*** Opening of Input material ***

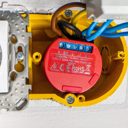 Control and monitor a wide range of home appliances from anywhere with the tiny Wi-Fi-operated relay switch featuring precise power monitoring - Shelly 1PM. From light automatization to electrical appliances control, Shelly 1PM provides accurate power metering with free cloud data storage for further analysis and energy usage optimization. Small enough to fit behind every wall switch or wall socket, Shelly 1PM is retrofitted and can be installed in less than 10 minutes.
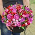 Кустовые розы и макаруны в корзине
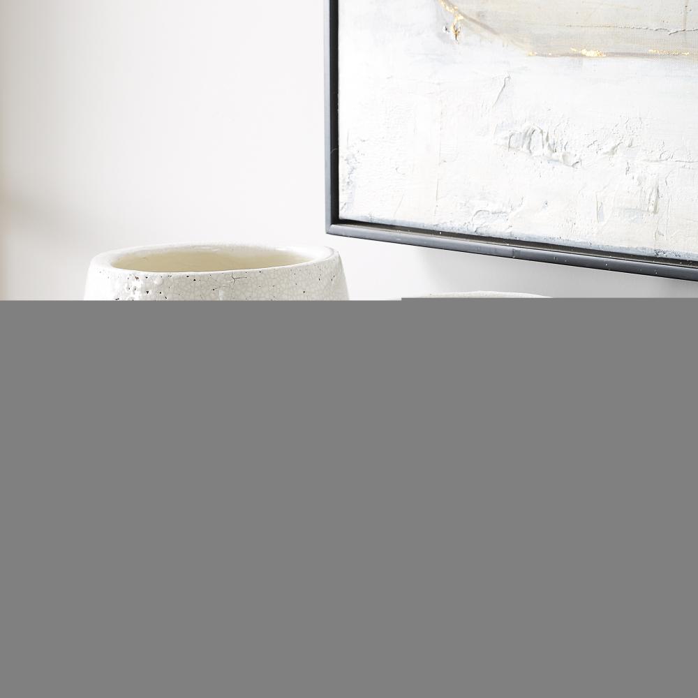 Elevate Your Home Decor With This Set Of Two Crackled Ceramic Vases. Finished In An Aged White And Adorned With Blue And Gray Mingling At The Base, These Vases Add A Modern Flair To Any Setting. Their Unique Textures And Colors Make Them Ideal For Displaying Floral Arrangements Or As Striking Decorative Accents. Sizes: S-7x5x7, L-8x6x8
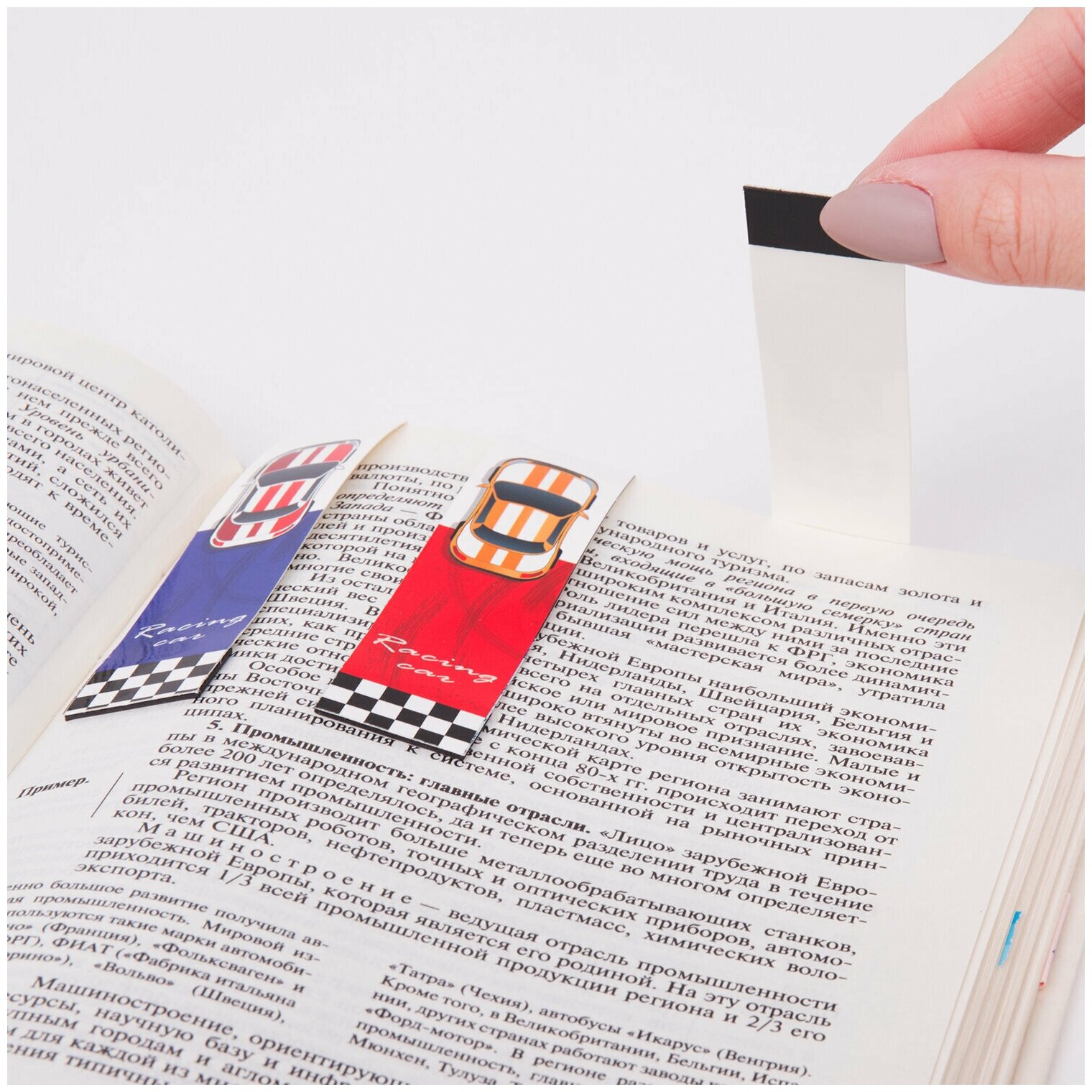 10 цен на Закладки для книг с магнитом RACE CARS, набор 6 шт., блестки, 25x196 мм, юнландия, 113446
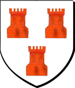 d'argent à trois tours crénelées de cinq pièces de gueules maçonnées de sable
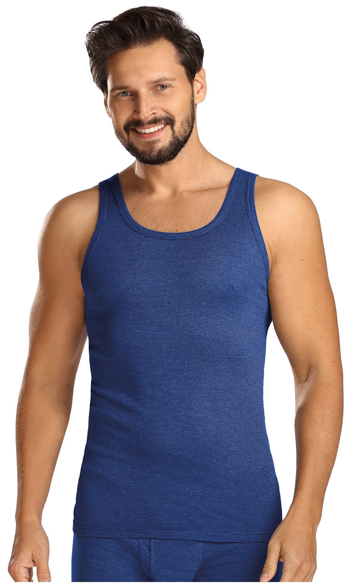 Die Unterhemden sind in einem klassischen Feinripp-Design gehalten und die garngefärbte Ringel sorgen für eine moderne Optik. Die formstabilen Achselshirts haben keine Seitennähte und die strapazierfähige Baumwollmischung bleibt auch nach häufigem Waschen weich und angenehm. Dieses Shirt ist wunderbar geeignet zum Tragen unter dem Hemd im Büro, als Schlafshirt oder solo an heißen Tagen.
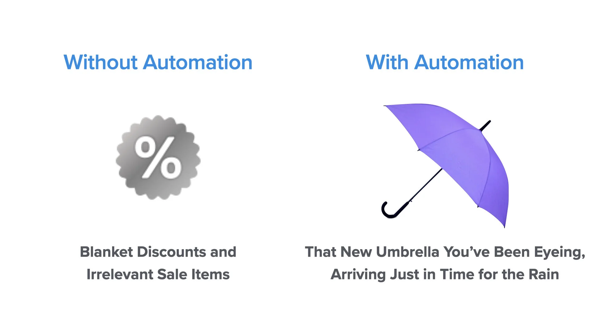 Here’s an example. Let’s say I want to provide a coupon for my eCommerce store to all of my past customers. I could send a blanket email to all of them with a discount code, and hope that they like the items that are on sale. But with automation, I can pull customer information from my CRM, determine each customer’s location, and offer items appropriate for the weather and season where they are. Better yet, I can use their past purchases to determine what types of items they like, and combine those preferences with the weather, their typical budget, and their spending frequency to send them a just-in-time email discount for that new umbrella they’ve been thinking about buying. This is when a simple email starts to feel like magic.
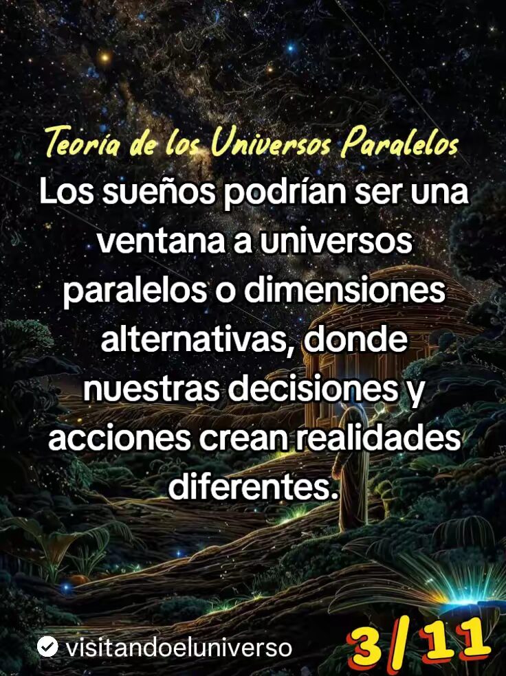 • La teoria de los universos paralelos, tambien dice que los sueños podrian ser una ventana a universos o dimensiones alternativas, donde nuestras decisiones y acciones crean realidades diferentes.
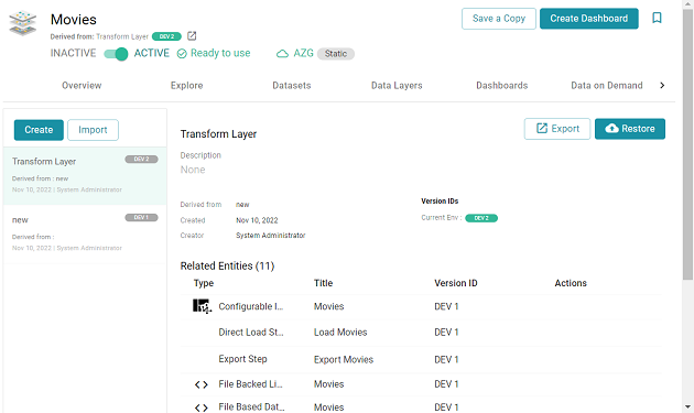 - If you want to export a backup version of the artifact, click the Versions tab, which lists the backups that exist for the artifact. Select the version that you want to export and then click the Export button. For example, the image below shows the Versions tab for a graphmart:

*** Close of Input material ***

- Requirement -
Each line of the data must be restated exactly, and the pictures must be left out.

- Written solution -
 Control and monitor a wide range of home appliances from anywhere with the tiny Wi-Fi-operated relay switch featuring precise power monitoring - Shelly 1PM. From light automatization to electrical appliances control, Shelly 1PM provides accurate power metering with free cloud data storage for further analysis and energy usage optimization. Small enough to fit behind every wall switch or wall socket, Shelly 1PM is retrofitted and can be installed in less than 10 minutes.
 Кустовые розы и макаруны в корзине
 Elevate Your Home Decor With This Set Of Two Crackled Ceramic Vases. Finished In An Aged White And Adorned With Blue And Gray Mingling At The Base, These Vases Add A Modern Flair To Any Setting. Their Unique Textures And Colors Make Them Ideal For Displaying Floral Arrangements Or As Striking Decorative Accents. Sizes: S-7x5x7, L-8x6x8
 10 цен на Закладки для книг с магнитом RACE CARS, набор 6 шт., блестки, 25x196 мм, юнландия, 113446
 d'argent à trois tours crénelées de cinq pièces de gueules maçonnées de sable
 Die Unterhemden sind in einem klassischen Feinripp-Design gehalten und die garngefärbte Ringel sorgen für eine moderne Optik. Die formstabilen Achselshirts haben keine Seitennähte und die strapazierfähige Baumwollmischung bleibt auch nach häufigem Waschen weich und angenehm. Dieses Shirt ist wunderbar geeignet zum Tragen unter dem Hemd im Büro, als Schlafshirt oder solo an heißen Tagen.
 Here’s an example. Let’s say I want to provide a coupon for my eCommerce store to all of my past customers. I could send a blanket email to all of them with a discount code, and hope that they like the items that are on sale. But with automation, I can pull customer information from my CRM, determine each customer’s location, and offer items appropriate for the weather and season where they are. Better yet, I can use their past purchases to determine what types of items they like, and combine those preferences with the weather, their typical budget, and their spending frequency to send them a just-in-time email discount for that new umbrella they’ve been thinking about buying. This is when a simple email starts to feel like magic.
 • La teoria de los universos paralelos, tambien dice que los sueños podrian ser una ventana a universos o dimensiones alternativas, donde nuestras decisiones y acciones crean realidades diferentes.
 - If you want to export a backup version of the artifact, click the Versions tab, which lists the backups that exist for the artifact. Select the version that you want to export and then click the Export button. For example, the image below shows the Versions tab for a graphmart:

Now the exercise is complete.